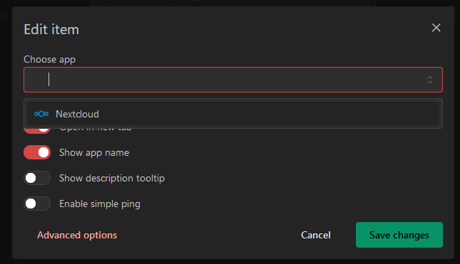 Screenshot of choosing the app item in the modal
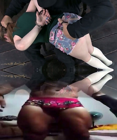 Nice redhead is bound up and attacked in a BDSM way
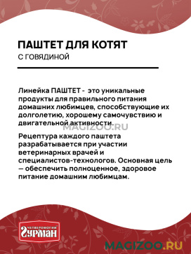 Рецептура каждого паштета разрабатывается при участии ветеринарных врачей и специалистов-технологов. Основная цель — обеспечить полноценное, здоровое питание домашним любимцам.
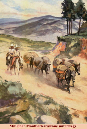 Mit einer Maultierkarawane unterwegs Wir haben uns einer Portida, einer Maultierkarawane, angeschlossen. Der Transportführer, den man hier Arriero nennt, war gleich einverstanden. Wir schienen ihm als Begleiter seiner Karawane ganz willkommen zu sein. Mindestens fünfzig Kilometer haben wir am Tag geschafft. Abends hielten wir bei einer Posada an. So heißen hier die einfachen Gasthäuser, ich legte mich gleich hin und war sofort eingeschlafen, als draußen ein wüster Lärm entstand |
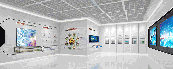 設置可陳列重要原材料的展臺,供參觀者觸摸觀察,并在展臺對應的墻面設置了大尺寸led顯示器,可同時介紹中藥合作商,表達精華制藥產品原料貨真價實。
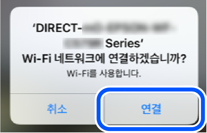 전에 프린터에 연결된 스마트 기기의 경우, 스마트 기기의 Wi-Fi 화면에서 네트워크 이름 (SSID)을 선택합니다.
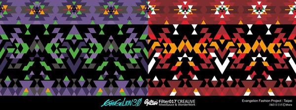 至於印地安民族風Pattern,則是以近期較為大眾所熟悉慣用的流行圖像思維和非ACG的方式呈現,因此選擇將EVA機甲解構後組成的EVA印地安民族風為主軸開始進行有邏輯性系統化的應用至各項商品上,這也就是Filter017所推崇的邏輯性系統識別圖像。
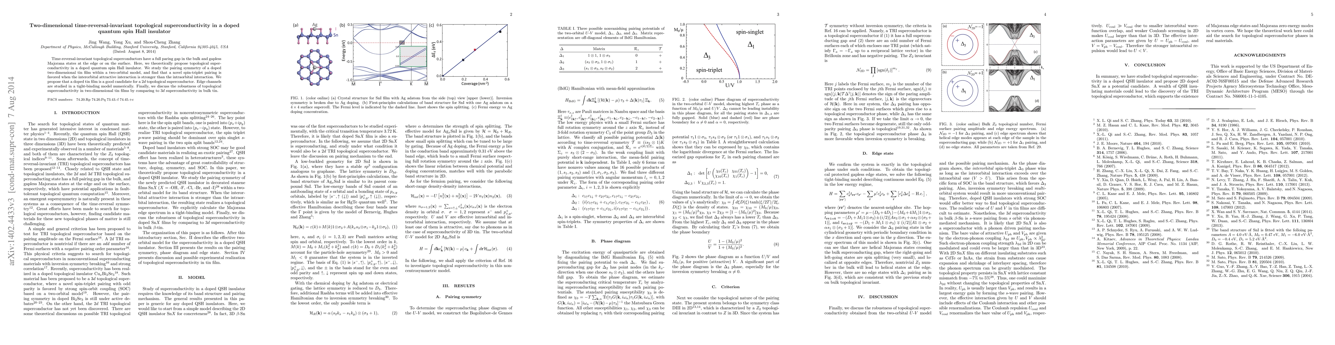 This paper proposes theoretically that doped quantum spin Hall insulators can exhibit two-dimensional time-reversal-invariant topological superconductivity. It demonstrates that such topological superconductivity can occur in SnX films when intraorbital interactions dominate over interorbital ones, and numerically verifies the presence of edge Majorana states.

···

→ WORK TO COMPLETE: Using the data above, transcribe exactly the lines between those containing "設置可陳列重要原材料的展臺,供參觀者觸摸" and "至於印地安民族風Patter", inclusive, and leave every picture behind.

→ ANSWER SECTION:
 設置可陳列重要原材料的展臺,供參觀者觸摸觀察,并在展臺對應的墻面設置了大尺寸led顯示器,可同時介紹中藥合作商,表達精華制藥產品原料貨真價實。
 전에 프린터에 연결된 스마트 기기의 경우, 스마트 기기의 Wi-Fi 화면에서 네트워크 이름 (SSID)을 선택합니다.
 至於印地安民族風Pattern,則是以近期較為大眾所熟悉慣用的流行圖像思維和非ACG的方式呈現,因此選擇將EVA機甲解構後組成的EVA印地安民族風為主軸開始進行有邏輯性系統化的應用至各項商品上,這也就是Filter017所推崇的邏輯性系統識別圖像。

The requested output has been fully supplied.